Your instructions → In the records below, reproduce exactly the lines from the one containing "Experimentați eleganța atemporală" through the one containing "Blauer und schwarzer", both included, and omit the pictures.

─── Data to process ───

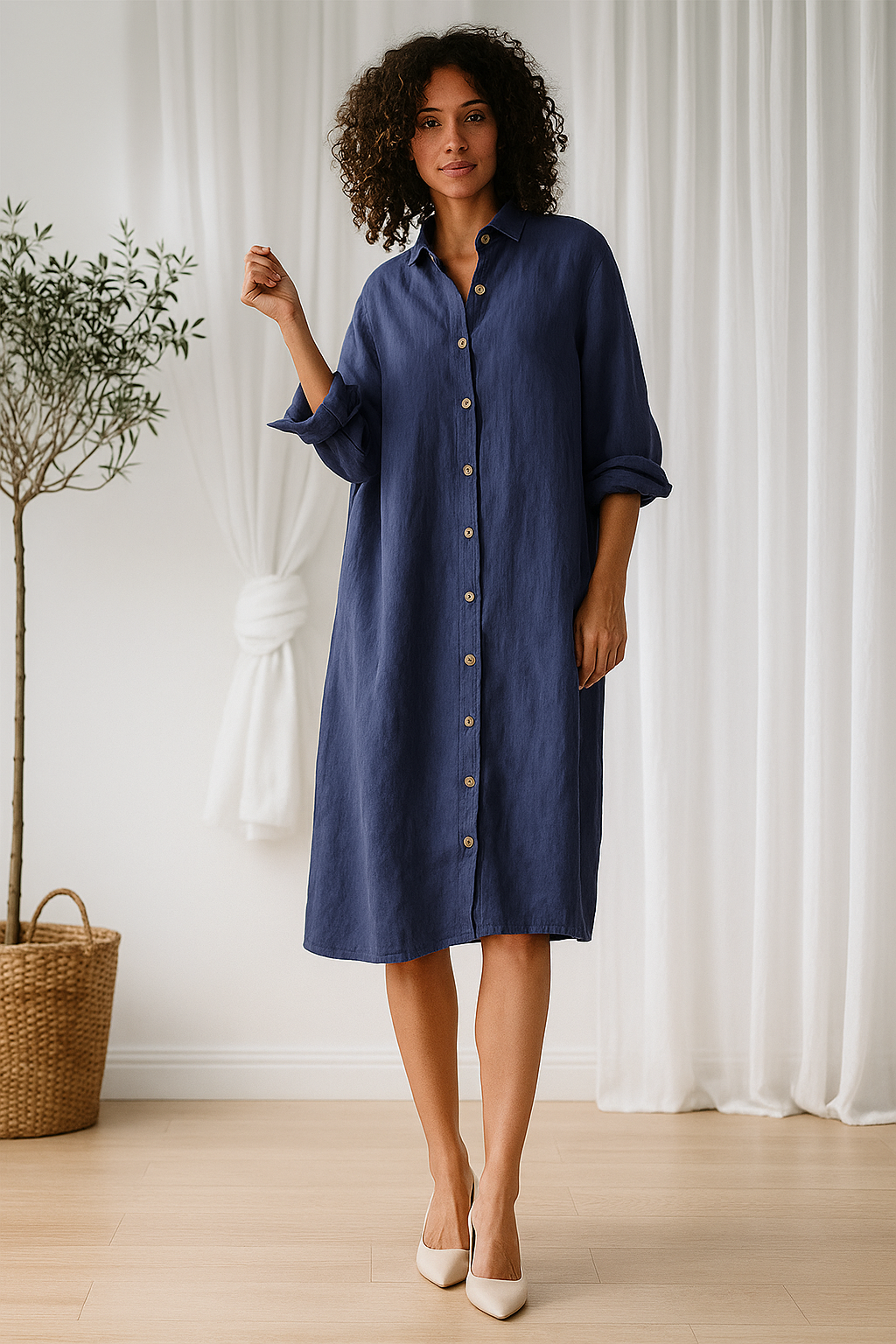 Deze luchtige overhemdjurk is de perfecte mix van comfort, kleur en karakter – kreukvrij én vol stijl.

───
─── Data to process ───

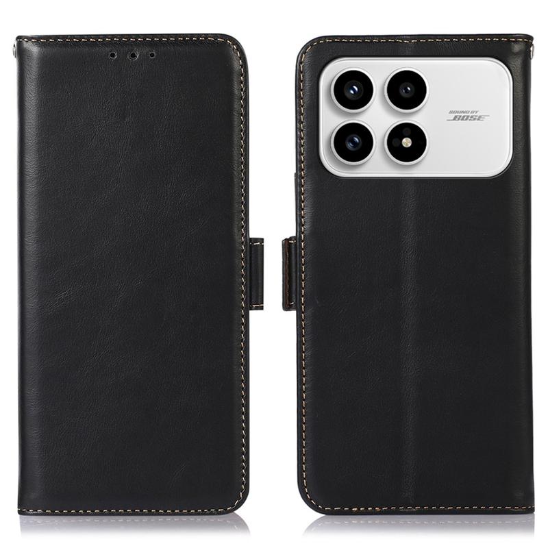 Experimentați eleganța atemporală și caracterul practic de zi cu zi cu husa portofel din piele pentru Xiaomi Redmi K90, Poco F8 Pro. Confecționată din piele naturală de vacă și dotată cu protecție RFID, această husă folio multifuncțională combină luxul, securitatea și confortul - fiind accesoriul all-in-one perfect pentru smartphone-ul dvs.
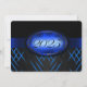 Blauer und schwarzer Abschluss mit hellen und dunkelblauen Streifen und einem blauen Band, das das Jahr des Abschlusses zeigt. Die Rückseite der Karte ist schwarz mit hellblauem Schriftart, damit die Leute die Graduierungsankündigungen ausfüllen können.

───

Solution to this exercise →
 Experimentați eleganța atemporală și caracterul practic de zi cu zi cu husa portofel din piele pentru Xiaomi Redmi K90, Poco F8 Pro. Confecționată din piele naturală de vacă și dotată cu protecție RFID, această husă folio multifuncțională combină luxul, securitatea și confortul - fiind accesoriul all-in-one perfect pentru smartphone-ul dvs.
 Blauer und schwarzer Abschluss mit hellen und dunkelblauen Streifen und einem blauen Band, das das Jahr des Abschlusses zeigt. Die Rückseite der Karte ist schwarz mit hellblauem Schriftart, damit die Leute die Graduierungsankündigungen ausfüllen können.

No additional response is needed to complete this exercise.